Ce qui continue de le faire avancer, c’est l’énergie des projets et la dynamique collective.
Pour lui, le management commence par une chose simple : la considération.
Être présent, consacrer du temps aux équipes, comprendre si elles ont besoin d’autonomie ou d’accompagnement : voilà ce qui construit durablement l’engagement. Une vision exigeante du leadership, loin d’un management purement procédural.
Le deuxième pilier tient dans la qualité d’exécution. Un projet ne se résume jamais à son objectif final. Il faut réussir les étapes intermédiaires, créer des victoires progressives capables d’embarquer le collectif.
Enfin vient le résultat. Financier, bien sûr, mais pas uniquement.
« Le résultat, c’est aussi l’homogénéité sociale et le sens donné à l’action collective. »
Cette logique irrigue toute l’organisation des Mousquetaires : 150 000 collaborateurs et 4 000 chefs d’entreprise indépendants répartis entre la France, le Portugal, la Belgique et la Pologne.
Comment faire avancer autant d’indépendants dans une même direction sans étouffer leur énergie entrepreneuriale ?
Par des règles communes, des critères de performance partagés et une culture commerçante forte.
Négocier, c’est d’abord comprendre l’autre
Lorsqu’il revient sur les grandes opérations menées ces dernières années, Lionel Peluhet parle d’abord d’anticipation, de préparation et de compréhension de l’autre.
Le rachat des magasins Casino en est l’illustration. Une opération préparée depuis près de dix ans au sein des Mousquetaires.
« On avait préparé le groupement pour pouvoir accueillir cette croissance externe. »
Mais pour lui, une négociation ne se résume jamais à ce que veut l’acheteur.
« Il faut comprendre ce que veut le vendeur. »
Préparer ses marges de manœuvre, connaître ses limites, comprendre les contraintes de l’autre, créer les conditions de la confiance : voilà ce qui permet de construire des accords durables.
Dans le dossier Casino, cette approche concernait aussi les équipes et les territoires touchés par la transformation.
« Une négociation ne se déroule jamais comme on l’avait imaginée. »
Derrière cette phrase, on retrouve sa vision du commerce : un équilibre permanent entre préparation, adaptation et relation humaine.
Le commerce comme lien social
Lorsqu’il parle de l’avenir, Lionel Peluhet ne minimise pas les bouleversements en cours.
Le digital transforme profondément le métier de commerçant. L’intelligence artificielle modifiera encore davantage les organisations et les modes de fonctionnement. Mais il reste convaincu d’une chose : le commerce demeurera un métier de relation.

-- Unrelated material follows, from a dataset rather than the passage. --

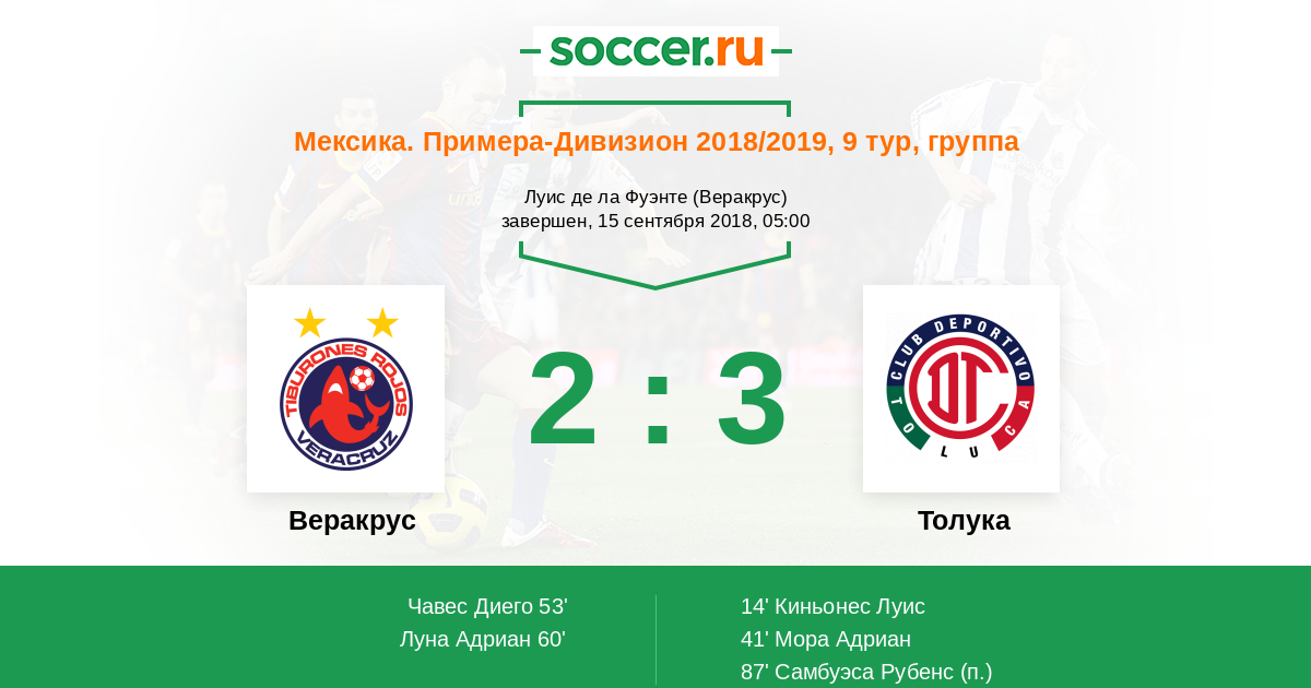 | Веракрус | 30:44 | 16:19 | 14:25 |

« Les hypermarchés et les supermarchés sont devenus l’ancienne place du village. »
Derrière l’image, une conviction forte : la proximité reste un avantage stratégique majeur.
Chez les Mousquetaires, un magasin tous les dix kilomètres permet de maintenir cette relation quotidienne avec les clients.

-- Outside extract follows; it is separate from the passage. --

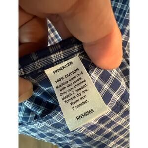 New with tags Nordstrom 1901 size XL blue plaid button down shirt. Measures 26” from armpit to armpit and 31” long.

Dans cette transformation, il voit aussi une formidable opportunité sociale.
« Le commerce est plus que jamais un ascenseur social. »
Lui-même se définit comme « un enfant de la République », construit par l’école et le sport.

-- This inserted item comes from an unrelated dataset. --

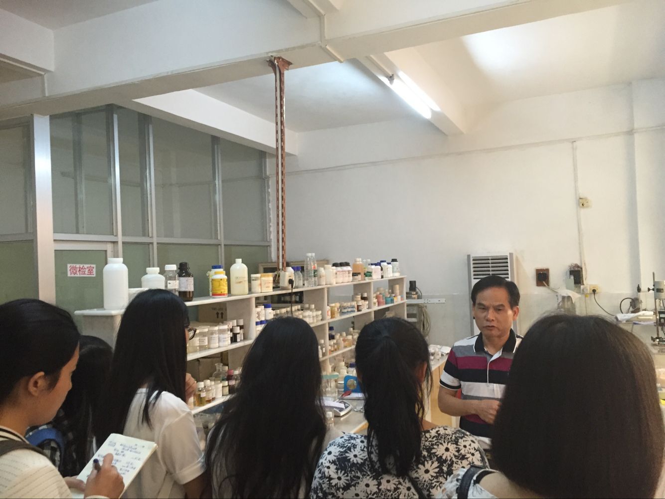 为深入了解化妆品企业一线生产工艺、理化及微生物检测手段,5月19日,在化工系主任江英志、精细化工教研室主任林壮森、李静、刘淑媛、陈关涛、李思慧等老师的带领下,精化151班学生前往我院产学研合作单位、校外实训基地——普宁市嘉宝日用化工有限公司进行专业见习,调研组一行受到该公司副总经理王守宋、厂长黄汉光、技术部经理李钦元、人事部经理陈燕芬等的热情接待。

Car pour réussir dans le commerce, estime-t-il, il faut avant tout aimer les gens.
Bio express
Lionel Peluhet est vice-président du Groupement Les Mousquetaires, où il pilote notamment les finances et le développement. Diplômé de Sup de Co Toulouse et de l’École de Commerce de Madrid, ancien rugbyman et passionné de sport, il a conduit plusieurs opérations majeures du groupement, dont le rapprochement avec Casino. Chef d’entreprise à la tête de plusieurs activités commerciales, il est également propriétaire du Limoges CSP.